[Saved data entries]
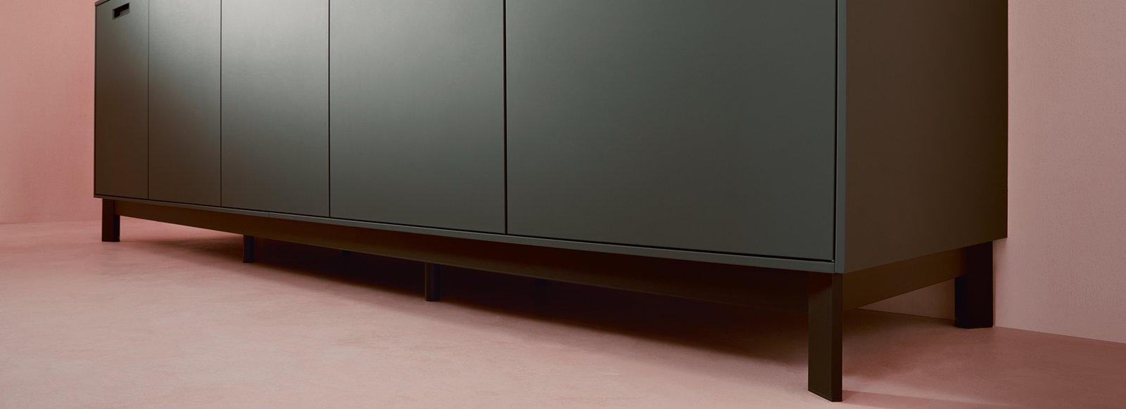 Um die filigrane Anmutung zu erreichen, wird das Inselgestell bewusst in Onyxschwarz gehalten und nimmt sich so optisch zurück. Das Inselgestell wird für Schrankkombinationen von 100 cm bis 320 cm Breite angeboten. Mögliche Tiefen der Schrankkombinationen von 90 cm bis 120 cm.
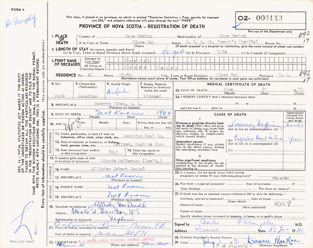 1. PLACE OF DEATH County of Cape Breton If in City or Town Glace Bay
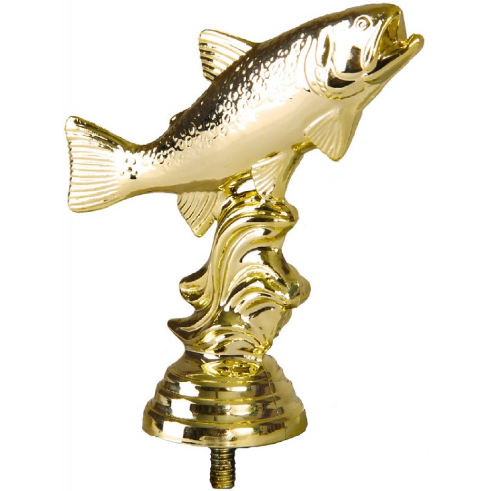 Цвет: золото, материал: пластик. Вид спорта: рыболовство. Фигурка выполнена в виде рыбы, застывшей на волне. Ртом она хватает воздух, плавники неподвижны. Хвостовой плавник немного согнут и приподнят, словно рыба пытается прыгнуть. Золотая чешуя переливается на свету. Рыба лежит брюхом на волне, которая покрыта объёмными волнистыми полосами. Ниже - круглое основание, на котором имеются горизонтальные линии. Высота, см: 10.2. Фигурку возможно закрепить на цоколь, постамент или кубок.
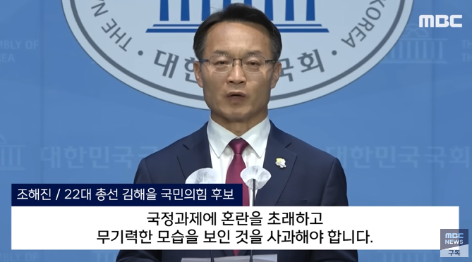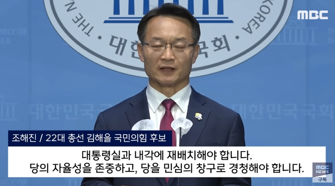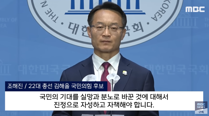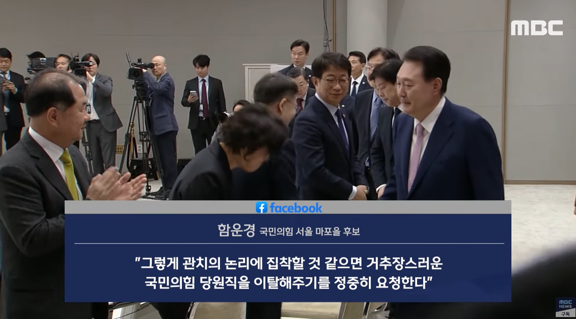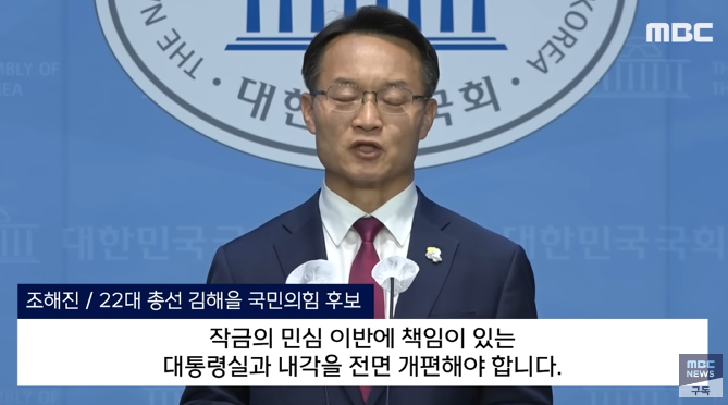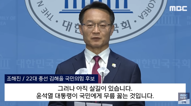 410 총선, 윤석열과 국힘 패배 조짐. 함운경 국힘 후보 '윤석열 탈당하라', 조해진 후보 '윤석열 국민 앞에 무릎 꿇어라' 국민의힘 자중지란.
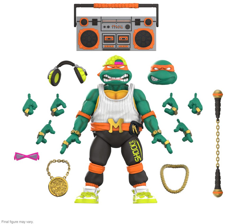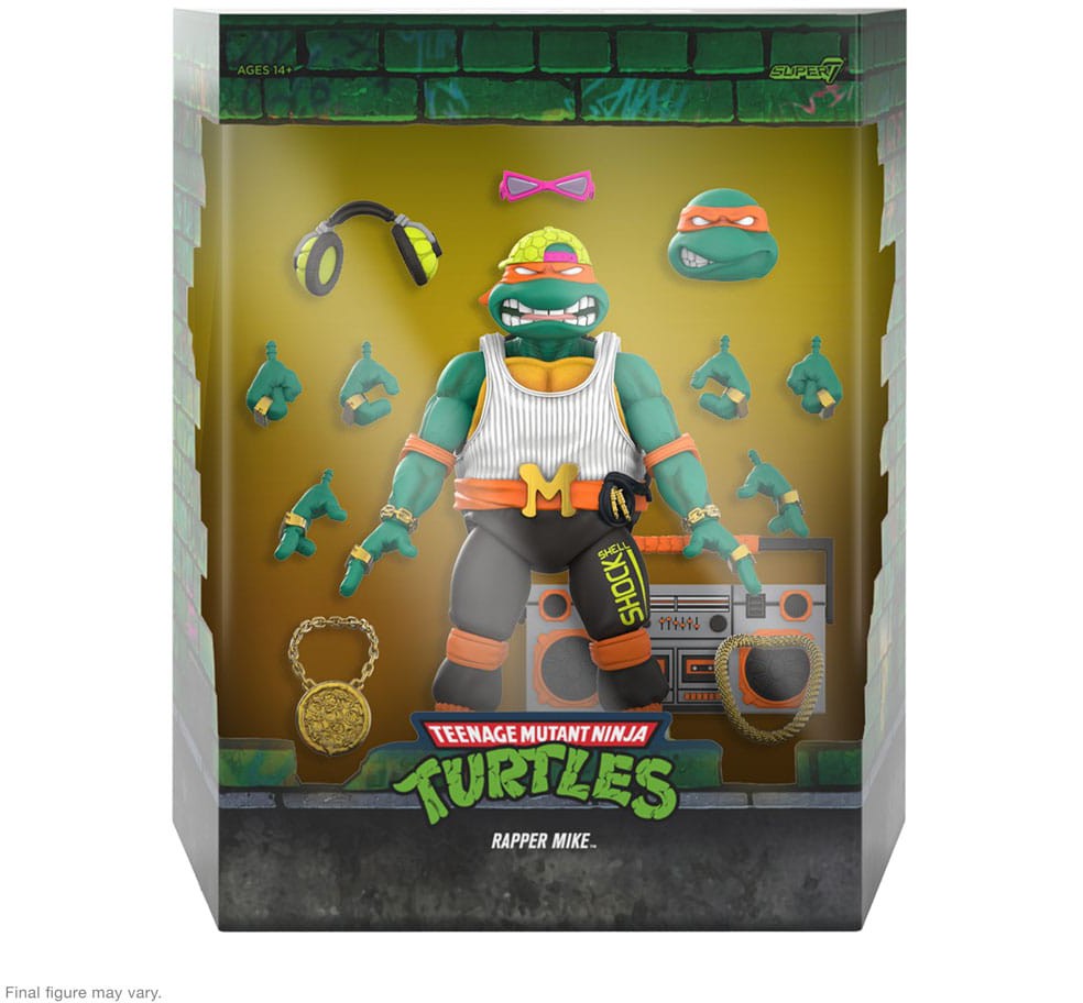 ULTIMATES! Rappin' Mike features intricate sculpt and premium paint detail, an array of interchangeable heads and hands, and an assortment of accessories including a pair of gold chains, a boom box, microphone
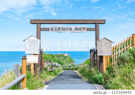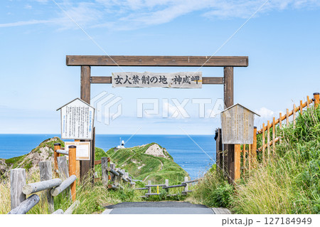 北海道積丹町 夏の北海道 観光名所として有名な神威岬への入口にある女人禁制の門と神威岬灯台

- EXERCISE REQUIREMENTS
Leave out the pictures. Return exactly the lines from the first line of the records to the line bearing "1. PLACE OF", inclusive.

- TASK RESULT
 Um die filigrane Anmutung zu erreichen, wird das Inselgestell bewusst in Onyxschwarz gehalten und nimmt sich so optisch zurück. Das Inselgestell wird für Schrankkombinationen von 100 cm bis 320 cm Breite angeboten. Mögliche Tiefen der Schrankkombinationen von 90 cm bis 120 cm.
 1. PLACE OF DEATH County of Cape Breton If in City or Town Glace Bay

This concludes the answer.